| SOURCE DATA |
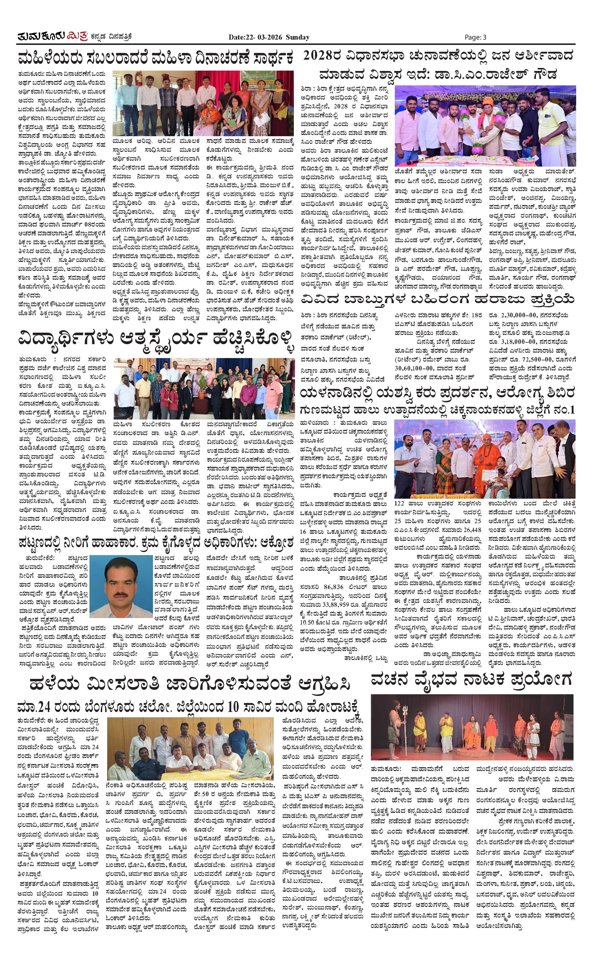ತುಮಕೂರು ಮಿತ್ರ ಕನ್ನಡ ದಿನಪತ್ರಿಕೆ Page: 3 March 22, 2026 << First << 3 >> Last >> Page 1Page 2Page 3Page 4 × ತುಮಕೂರು ಮಿತ್ರ ಕನ್ನಡ ದಿನಪತ್ರಿಕೆ TUMKUR MITRA (1)-page-001TUMKUR MITRA (1)-page-002TUMKUR MITRA (1)-page-003TUMKUR MITRA (1)-page-004 << First << 3 >> Last >> TUMKUR MITRA (1)-page-001TUMKUR MITRA (1)-page-002TUMKUR MITRA (1)-page-003TUMKUR MITRA (1)-page-004 TUMKUR MITRA (1)-page-003
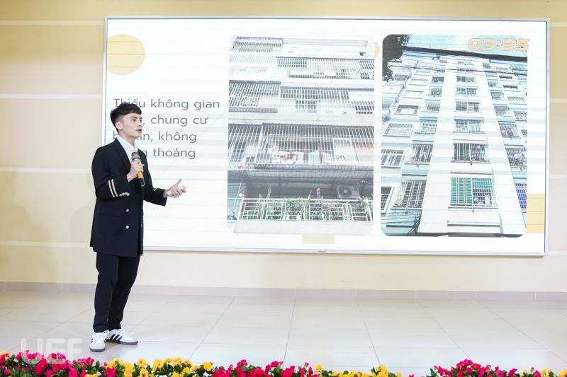 Dàn giám khảo chuyên môn tham gia đánh giá các sáng kiến của sinh viên có: TS.KTS. Lê Thị Thu Hương - Trưởng ngành Kiến trúc, Khoa Kỹ thuật, Trường Đại học Việt Đức; TS. Phạm Ngọc Tùng - Giám đốc đầu tư Công ty CP Tập đoàn Hưng Thịnh; ThS. KTS. Vũ Linh Quang - Giám đốc điều hành Công ty TNHH Ardor Green; ThS. Ung Thị Phương Thảo - Giảng viên Trung tâm Đào tạo thiết kế dự án UEF; ThS. Trần Hoàng Nam - Trưởng ngành Bất động sản, Khoa Kinh tế UEF.
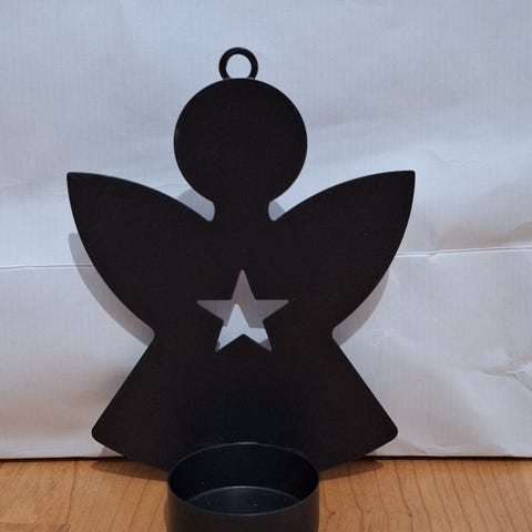 Lasinen kynttilänjalka enkelikellokynttilälle. Korkeus 10cm. Retrohan tämä jo on. Erittäin hyvä kunto. Pieniä koloja jokunen, ovat valuvikoja.

| TASK DIRECTIONS |
Without including the pictures, copy all of the data exactly.

| SOLUTION TO THE EXERCISE |
ತುಮಕೂರು ಮಿತ್ರ ಕನ್ನಡ ದಿನಪತ್ರಿಕೆ Page: 3 March 22, 2026 << First << 3 >> Last >> Page 1Page 2Page 3Page 4 × ತುಮಕೂರು ಮಿತ್ರ ಕನ್ನಡ ದಿನಪತ್ರಿಕೆ TUMKUR MITRA (1)-page-001TUMKUR MITRA (1)-page-002TUMKUR MITRA (1)-page-003TUMKUR MITRA (1)-page-004 << First << 3 >> Last >> TUMKUR MITRA (1)-page-001TUMKUR MITRA (1)-page-002TUMKUR MITRA (1)-page-003TUMKUR MITRA (1)-page-004 TUMKUR MITRA (1)-page-003
 Dàn giám khảo chuyên môn tham gia đánh giá các sáng kiến của sinh viên có: TS.KTS. Lê Thị Thu Hương - Trưởng ngành Kiến trúc, Khoa Kỹ thuật, Trường Đại học Việt Đức; TS. Phạm Ngọc Tùng - Giám đốc đầu tư Công ty CP Tập đoàn Hưng Thịnh; ThS. KTS. Vũ Linh Quang - Giám đốc điều hành Công ty TNHH Ardor Green; ThS. Ung Thị Phương Thảo - Giảng viên Trung tâm Đào tạo thiết kế dự án UEF; ThS. Trần Hoàng Nam - Trưởng ngành Bất động sản, Khoa Kinh tế UEF.
 Lasinen kynttilänjalka enkelikellokynttilälle. Korkeus 10cm. Retrohan tämä jo on. Erittäin hyvä kunto. Pieniä koloja jokunen, ovat valuvikoja.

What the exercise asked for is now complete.